Still months from her 22nd birthday, Wilson admits that even she is surprised to have done as well as she has, so fast.

”To be in the best league in the world and to be doing so good, like, it’s unbelievable. I’m 100 per cent sure it’s not me. That’s a fact. I’m sure it’s not me. It has to be God.’’

Managed by a pastor, Derrick Brown, Wilson says she “can’t go nowhere without prayin’!” She attended church regularly with ex-Thunderbirds Shadine van der Merwe and Lenize Potgeiter, who will be representing South Africa in Cape Town.

Mum Carol will be following the World Cup from Kingston while caring for the family’s two youngest children; without the funds to pay for her sisters to attend, Wilson will instead be relying on her Jamaican and extended netball “family” for in-person support.

She admits she learnt plenty from her first pinnacle event, the Commonwealth Games.

Silver in Birmingham, gold in South Africa? Jamaica has emerged as a genuine netball power with the rise of a golden generation including Latanya Wilson. Picture: Stephen Pond/Getty Images
Silver in Birmingham, gold in South Africa? Jamaica has emerged as a genuine netball power with the rise of a golden generation including Latanya Wilson. Picture: Stephen Pond/Getty Images

“Should be kinda shittin’ my pants up but I didn’t,’’ Wilson says, in her inimitable fashion. “It was an amazing experience, Words literally can’t explain how I felt, just being there, seeing the crowd, everyone cheering for Jamaica. It’s that feeling where you feel fulfil and so grateful for everything.

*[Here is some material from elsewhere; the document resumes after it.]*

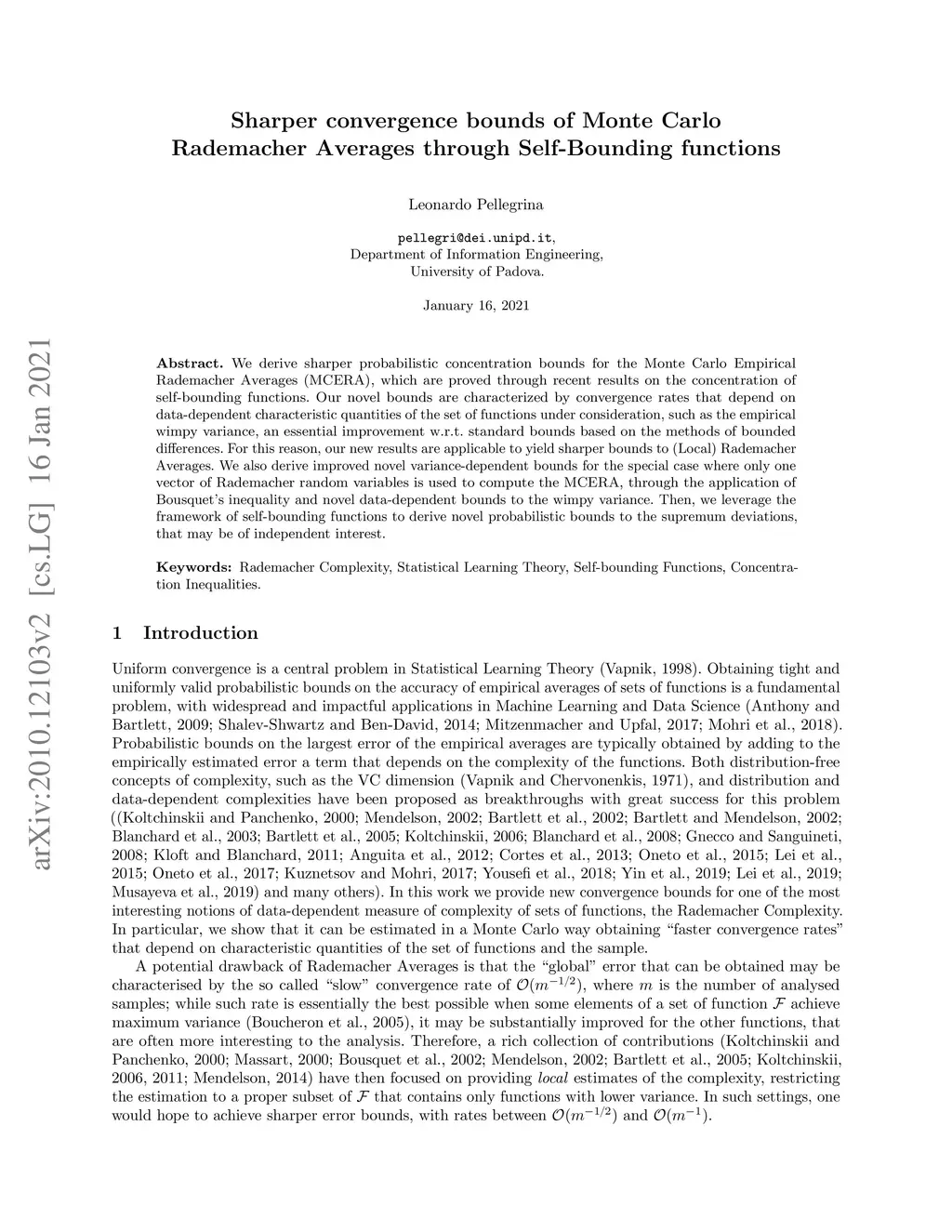 Sharper convergence bounds of Monte Carlo Rademacher Averages through

“One of the big key thing that I took away from Commonwealth Games is how to handle the pressure of competing at the highest level. Oh my God, it can be crazy, nerve-wracking.

“In the moment, you feel like you just want to die but you don’t know how to die! But it’s those moments where you just have to stand up to the challenge and being part of that team for Jamaica to be given a silver medal, it’s just amazing.

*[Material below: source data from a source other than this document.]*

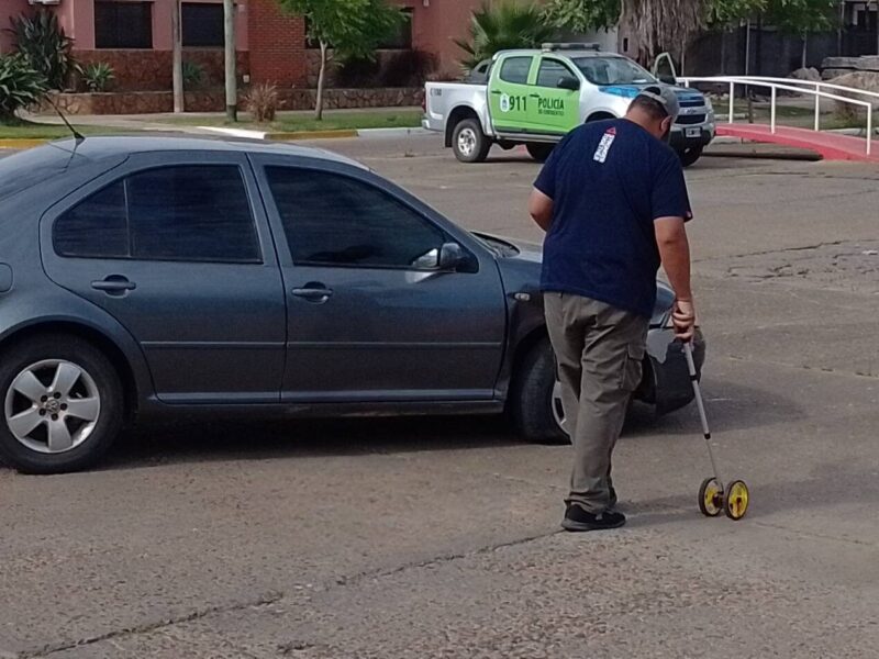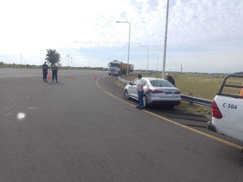 Otra colisión se produjo en la zona urbana, más precisamente en el cruce de las calles Colón y Perelló, entre una motocicleta con dos ocupantes y un automóvil.
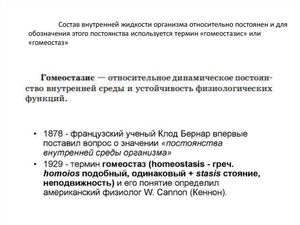 Состав внутренней жидкости организма относительно постоянен и дляобозначения этого постоянства используется термин «гомеостазис» или
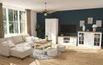Kolekcja mebli pokojowych Tosknia to nowoczesność połączona z elegancją w stylu prowansalskim. Fronty ramiakowe w barwie białej idealnie komponują się z blatami w kolorze dąb Soma ciemny, natomiast czarne okrągłe uchwyty dopełniają produkt. Warto również zwrócić uwagę na zastosowanie cokołów, zamiast stopek, co dodatkowo nadaje całości nowoczesny design. Z wykorzystaniem mebli Toskania z łatwością urządzimy salon, pokój młodzieżowy, sypialnie, a także biuro.

“To play in the final, which Jamaica haven’t for a long time, was quite tremendous and I have learned how to actually appreciate the opportunity to represent my country on the biggest stage.

“It’s reminding yourself sometimes that you are living the life of so many young girls.’’

While, always, remembering a brother she still feels beside her, boasting about a sister who is where he always hoped she would be.